I’m trying to set up a periodic crawl for terms of interest to see if communities pop up that discuss them. Some are easy, like “Mordhau” because no other words contain it. On the other hand, “sword” and “HEMA” are problematic because things like “password” and “mathematical” contain them.

I tried to put quotes around the string but that returns nothing, and padding a space on either side didn’t change results.

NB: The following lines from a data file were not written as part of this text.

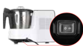
Press the power switch to the ON position before use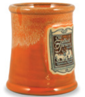
Sunset Orange w/Dijon White Straight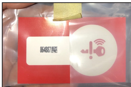
Actual Smart Key emergency code

Below is an image of the actual smart key emergency code card supplied with the vehicle. Yamaha does NOT keep a record of this information. It is your responsibility as a dealer to record this information and provide it to the customer at the time of sale.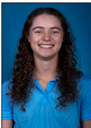
Junior Bryn Mawr, Pa. Haverford HS Havertown, Pa.

2022-23: Played in seven of UNC's 12 tournaments, including five times in the starting lineup in stroke play and once in the NC State Match Play • Averaged 76.00 over 15 rounds • Career-low 70 in the final round of the NCAA Pullman Regional • Tied for 20th at 5-over 221 at the Tar Heel Invitational • Shot rounds of par 72 in the Cougar Classic and the Tar Heel.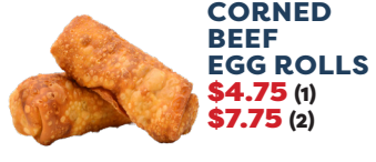
CORNED BEEF EGG ROLLS $4.75 (1) $7.75 (2)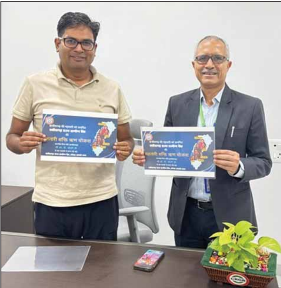
Chhattisgarh Finance Minister O.P. Choudhary on Sunday launched the 'Mahatari Shakti Loan Scheme' of the State Rural Bank to provide loans of up to Rs 25,000 to women without formalities.

smooth travel. As per the population, 100 e-buses will be for Raipur, 50 for the twin city of Bhilai-Durg, 50 for Bilaspur and 40 buses for Korba.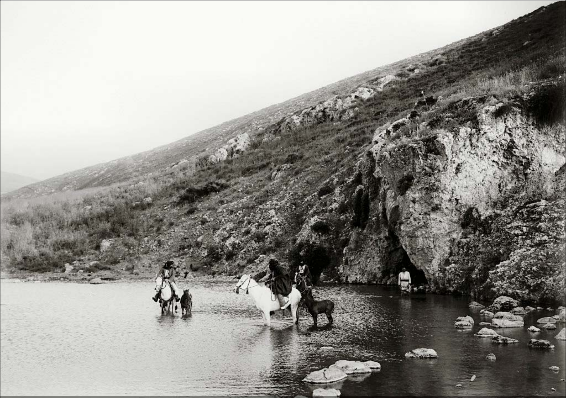
Ein Harod, Gideon's Fountain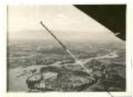
Early GJ aerial, Colorado River (1981.115.173)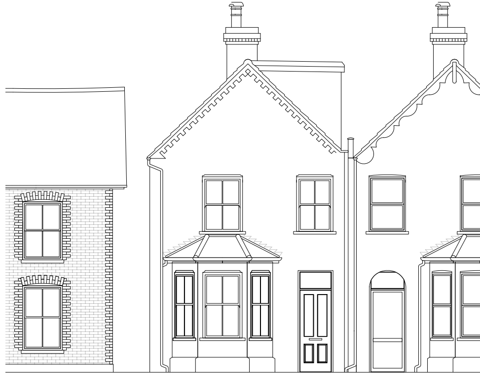
Front elevation - Existing Scale 1:100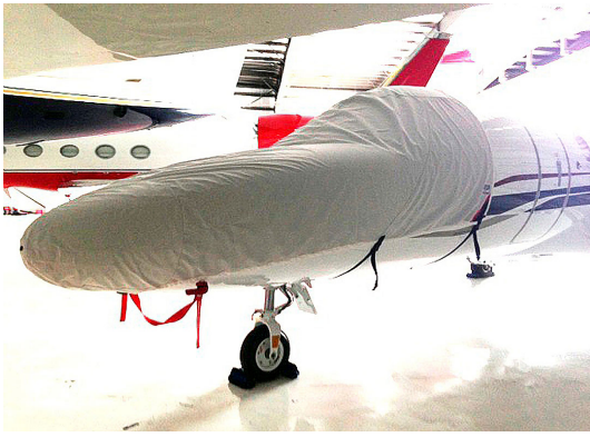
Citation CJ4 Cockpit/Nose Cover and Heat Resistant Pitot Covers set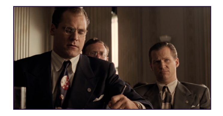
Tucker defends his good name.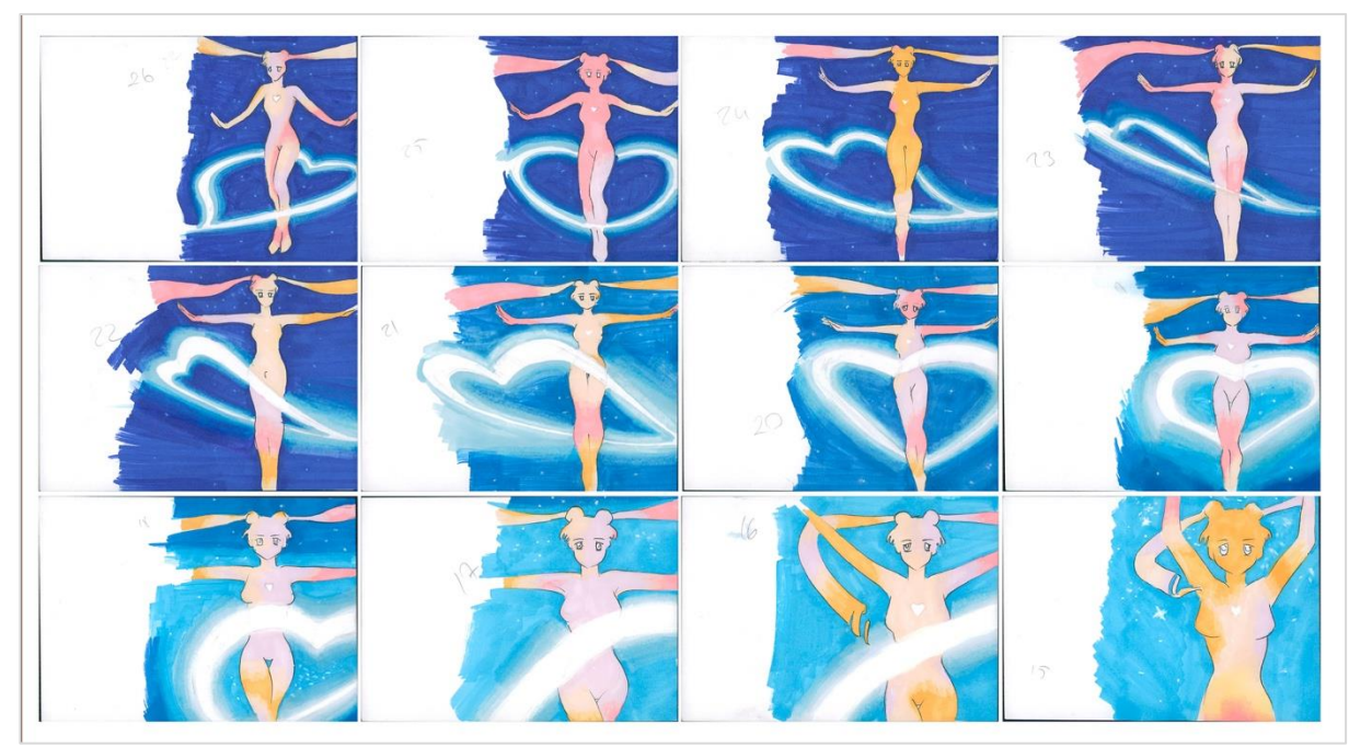
Figure 4. Sailor Moon, by Ela Onat (Student animation project).

Figure 4 illustrates a student work. Freshmen students at Visual Communication Design Department who take the course of "Animation Production Techniques" are required to make a flip book animation project in order to understand the first stage of creating a motion picture form. In the first week, the students are shown examples of flip book in a historical framework and they are provided with detailed information for creating alternative flip book methods and they grasp the concept theoretically. In the half-term project, the student began to compress a conversion scene from the main character of the Japanese cartoon series "Sailor Moon" into a series of 96 frames. Pencil and marker pen for coloring are used for the application.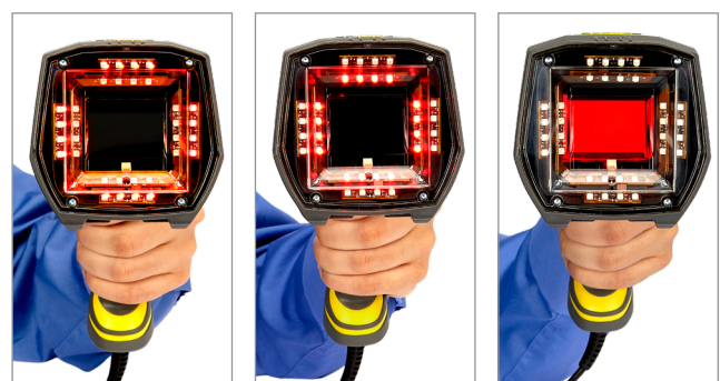
30-, 45-, and 90-degree lighting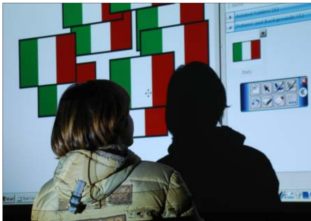
An Italian student from the Carlo Collodi Elementary school in Musigliano, province of Pisa, learns how to use the latest touch screen technology at the Livorno Unit School during a visit March 28.

"As a commander and a father, I believe it's an important opportunity for these children to learn lessons that they don't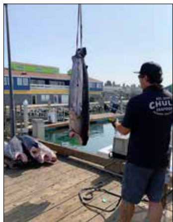
Chula Seafood thriving in Point Loma SEE PAGE 8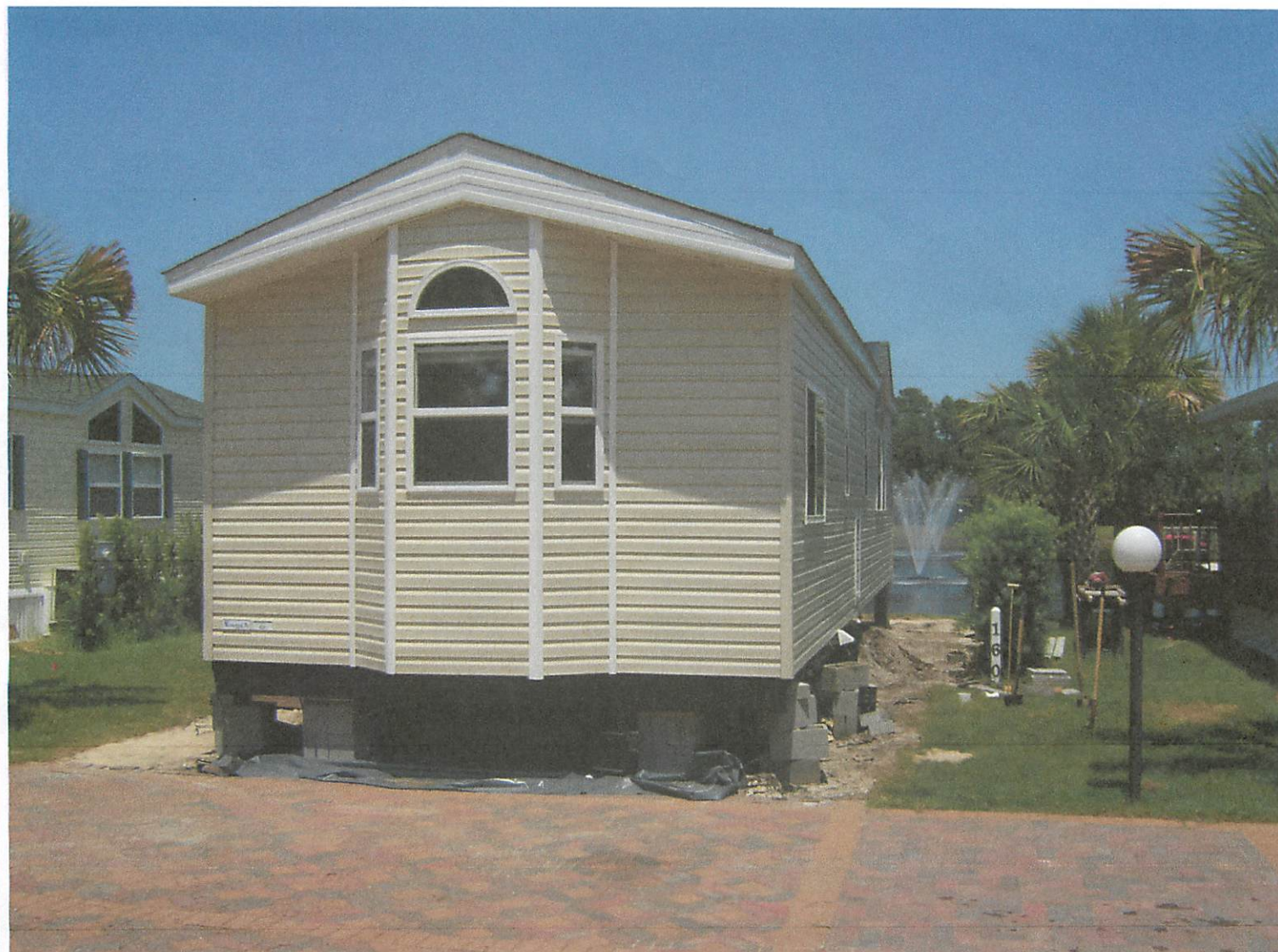
FRONT VIEW 8/13/15

If using the Elevation Certificate to obtain NFIP flood insurance, affix at least 2 building photographs below according to the instructions for Item A6. Identify all photographs with date taken; "Front View" and "Rear View"; and, if required, "Right Side View" and "Left Side View." When applicable, photographs must show the foundation with representative examples of the flood openings or vents, as indicated in Section A8. If submitting more photographs than will fit on this page, use the Continuation Page.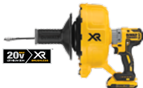
20V MAX* XR® Brushless Drain Snake Kit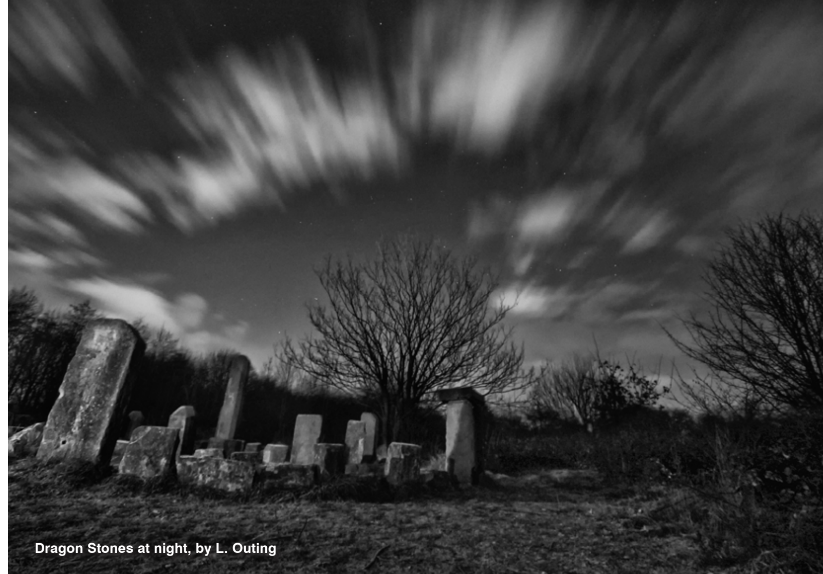
Dragon Stones at night, by L. Outing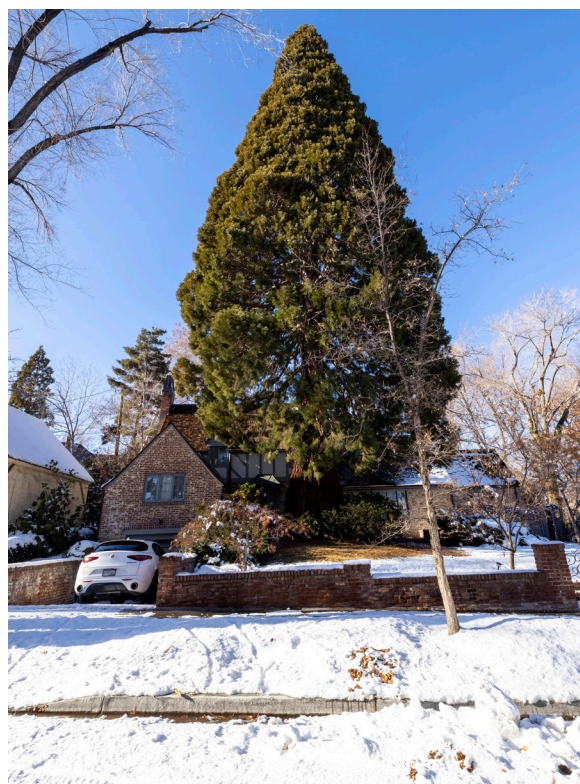
Nevada's Champion Sequoia.

Eligible projects must meet Federal and State Program objectives for Urban Forestry, as outlined in the Ten Year National Urban and Community Forestry Action Plan and/or the 2020 Nevada Forest, Range, and Watershed Action Plan . Generally speaking, projects that develop, strengthen, and expand urban canopies can be submitted for consideration.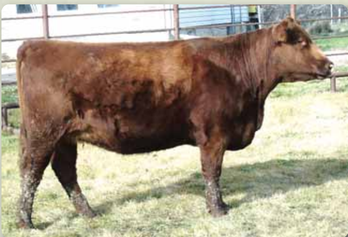
Lot 32 - Red MFCC Big Sky Princess 2C

Our first Governor 75Z x Fully Loaded 88X female, this heifer is a mixture of great maternal presence and pure performance. 55C has a very feminine appeal and a great disposition. AI'd to Red Soo Line Power Eye 161X on May 7. Pasture exposed to Red OLE Moonshine 453B(Moonshine 8081U son) on May 13. Favourable to AI.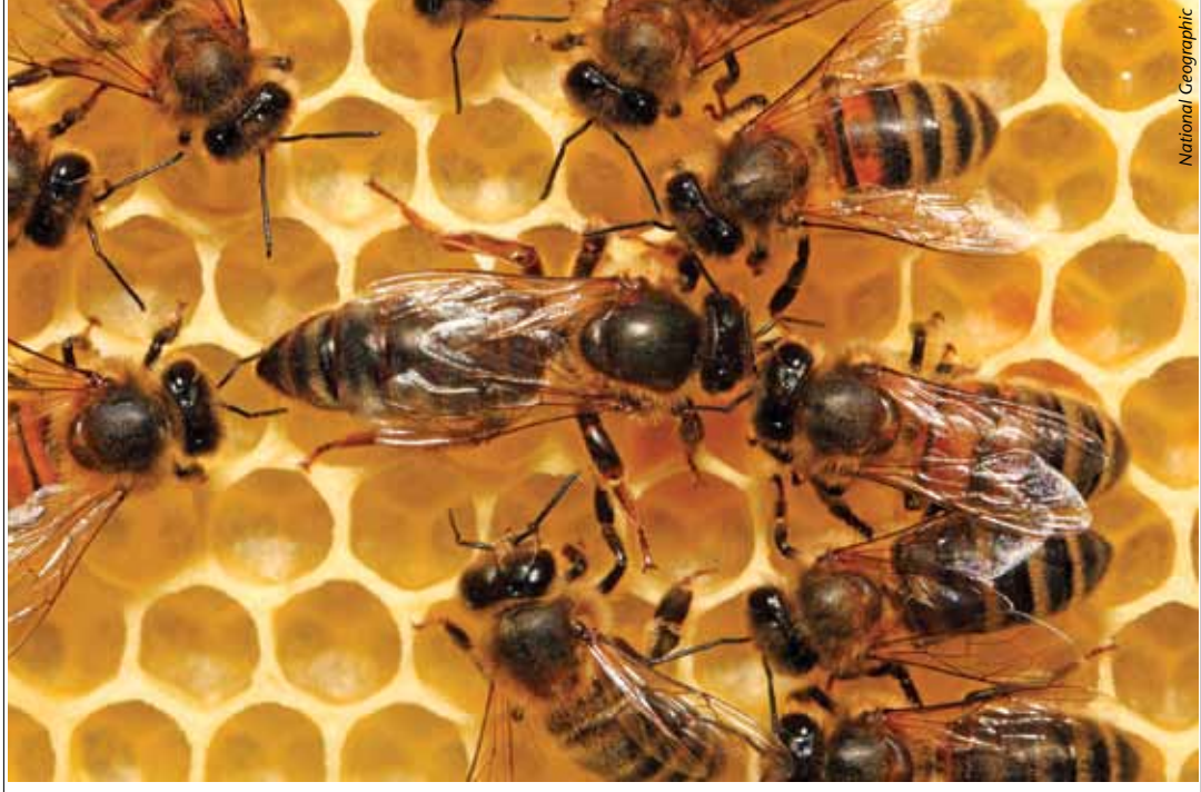
Farmers can get good harvest of honey and other bee products through proper management of bee colonies. In this way, bee pests and diseases can also be easily controlled.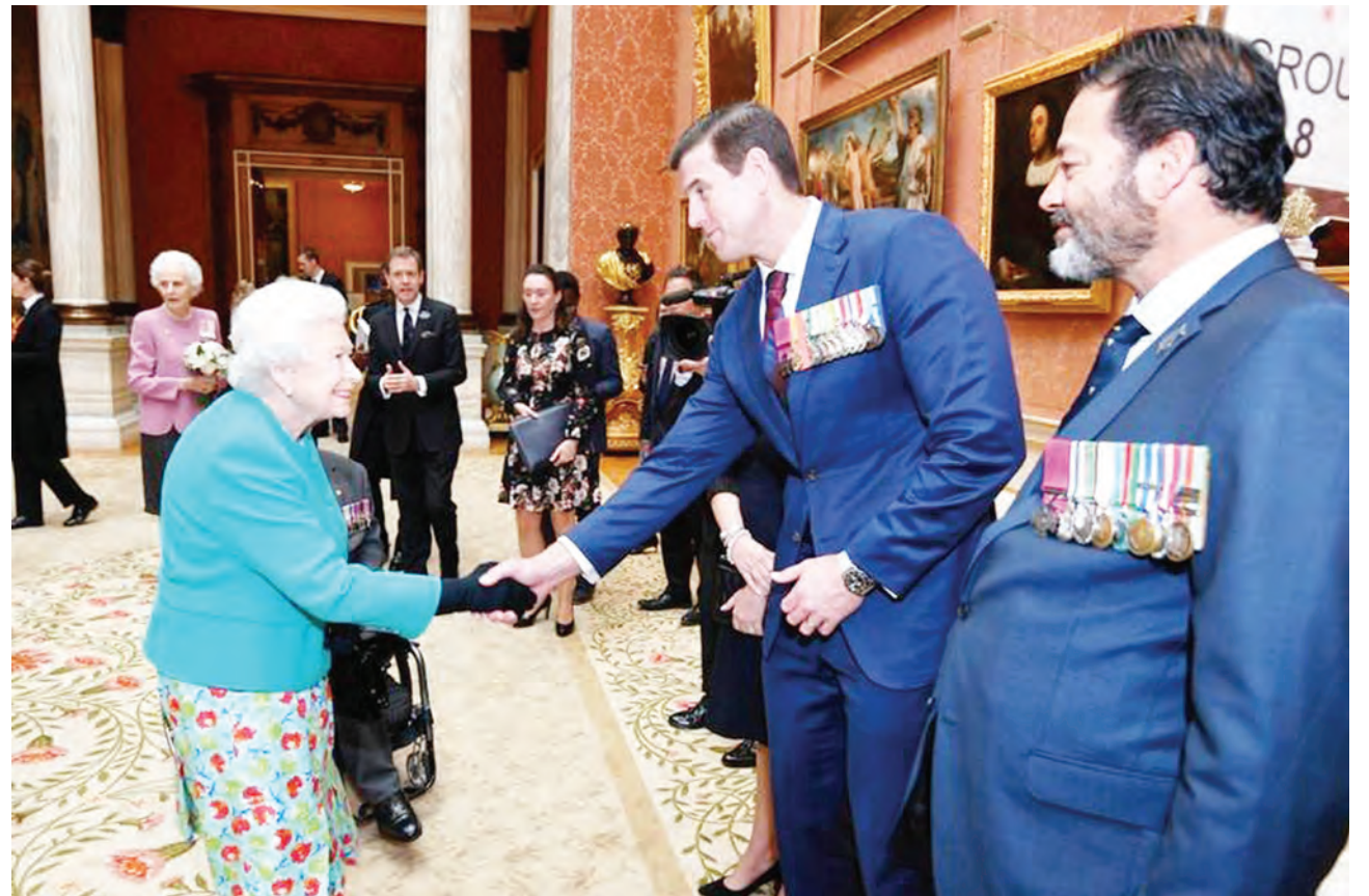
In this May 16, 2018 photo, Britain's Queen Elizabeth II shakes hands with Victoria Cross recipient Ben Roberts-Smith (second right) during a reception for living recipients of the Victoria and George Cross medals, in the Picture Gallery at Buckingham Palace in London.

All four VC recipients, the highest military award for gallantry while under fire, were not invited to fly with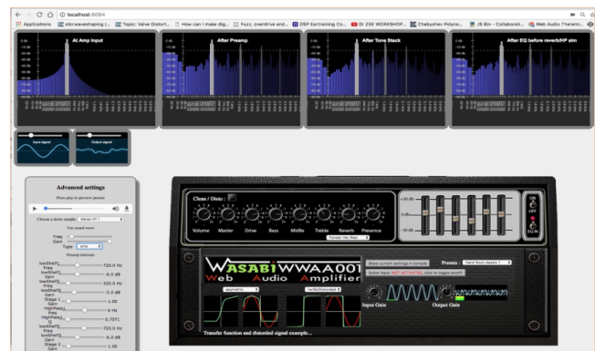
Figure 2: Full GUI of the tube amp guitar emulation, with debug tools displayed (freq. analyzers, advances settings etc.).

the electronic schematic with tools like the industry standard SPICE analog circuit simulator to translate the circuit into equations to be solved. These general equations are typically nonlinear differential algebraic equations that may be solved using integration methods, roots solver algorithms, and sparse matrix techniques. SPICE can produce C++ code ready to be executed. However, it is often necessary to make simplifications and optimizations to achieve solutions suited for real-time processing. This is critical for the modeling of the vacuum tubes used in guitar amplifiers with their typical interactions with other parts of the circuitry (see [1] for a review of common techniques). Also, the physical approach usually assumes perfect behavior of the electronic components used (resistors, capacitors, tubes, etc.) making it difficult to render the typical empirical design / fine tuning, ala "musical instrument making", of the tube-based guitar amps in which much of the coloring of the sound comes indeed from the limitations and non-linearities of the electronic components used.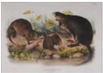
Lot #425: AFTER JOHN JAMES AUDUBON: MUSKRAT, MUSQUASH Hand-colored lithograph, 19 1/16 x 26 in. (sheet). Estimate: $ 500.00 - $ 700.00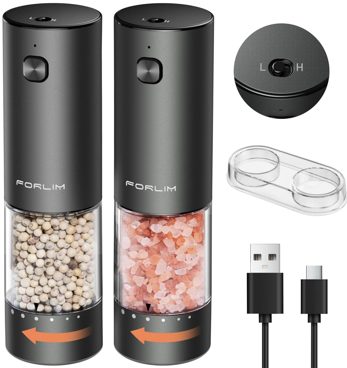
Figure 1: The FORLIM 2-Speed Electric Salt and Pepper Grinder Set, including two grinders, a transparent base, and USB-C charging cables.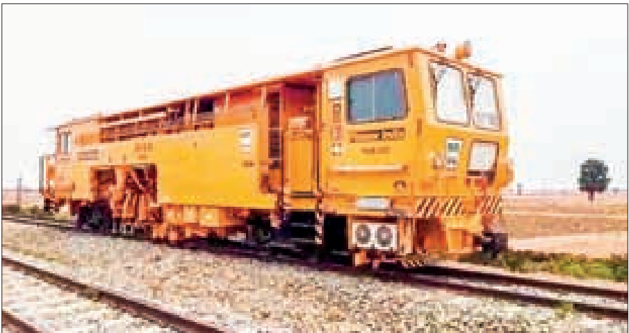
An MOW locomotive carrying out repair work on railway tracks.

FOLLOWING the severe earthquake on 28 March, Myanma Railways under the Ministry of Transport and Communications repaired damaged railway lines and bridges using manpower and machinery. Passenger and cargo trains, including container trains, resumed operations along the Yangon-Mandalay route starting on 5 April. To further strengthen the railway infrastructure, reinforcement work is ongoing using All TM heavy machinery between several stations on the Yangon-Mandalay line: between Ywapale and Hanza stations, between Nyaunglunt and Magyibin stations and between Phyu and Nyaungbintha stations. Work includes gravel filling, packing and adjusting concrete sleepers. To ensure convenient travel and transport, passenger and cargo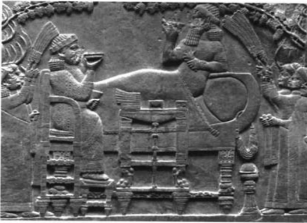
Ashurbanipal and Queen in Garden , (c. 669–630 B.C.), British Museum, London.

(reminding us of the disfigurement by which adultresses were punished). This gives a background to the strange fate of the splendid copper head of a Mesopotamian ruler found in the same destruction context: one eye destroyed, the nose violently attacked, and both ears chiseled off. This surprising fact finds its explanation in a well-known inscription of the Persian king Darius who reports what happened to two Median pretenders: “Then I cut off his nose, his two ears and blinded one eye of his. . . .” This passage evidently describes a special type of corporeal punishment current in the Median-Persian sphere and ceremonially carried out in effigy on the royal copper head by Nineveh’s Median conquerors.

  • heartlessevil@lemmy.one
    link
    fedilink
    English
    arrow-up
    9
    ·
    edit-2
    2 years ago

    There doesn’t seem to be a way. The search is fairly rudimentary, you can see how it works here:

    https://github.com/LemmyNet/lemmy/blob/50efb1d519c63a7007a07f11cc8a11487703c70d/crates/db_schema/src/utils.rs#L59-L62

    It replaces spaces in your search query with wildcards, and puts wildcards at the beginning and end. It also uses case-insensitive search Here’s an example with regexes for the query “foo bar baz”:

    https://rubular.com/r/EiMum5gV9jWOaL

    I think it’s worth mentioning that this search algorithm is extremely slow. It uses several wildcard matches (multiple consecutive spaces also create multiple wildcards), case-insensitive search and doesn’t have indices. Even the built-in fulltext search capabilities of PostgreSQL would be miles more scalable.

    • Ken Oh@lemm.eeOP
      link
      fedilink
      English
      arrow-up
      3
      ·
      2 years ago

      Ah thanks, that does look very much on the crawl side of crawl-walk-run. Hopefully the devs understand the urgency of discoverability.

    • kevincox@lemmy.ml
      link
      fedilink
      English
      arrow-up
      1
      ·
      2 years ago

      It’s amazing how far a table scan will scale. But yes, I think replacing this by PostgreSQL Full Text Search will probably need to be done sooner than later.

      This will give some benefits such as stemming but will have some tradeoffs such as only allowing searching by full words. (but for Lemmy this is probably what people want 99% of the time.)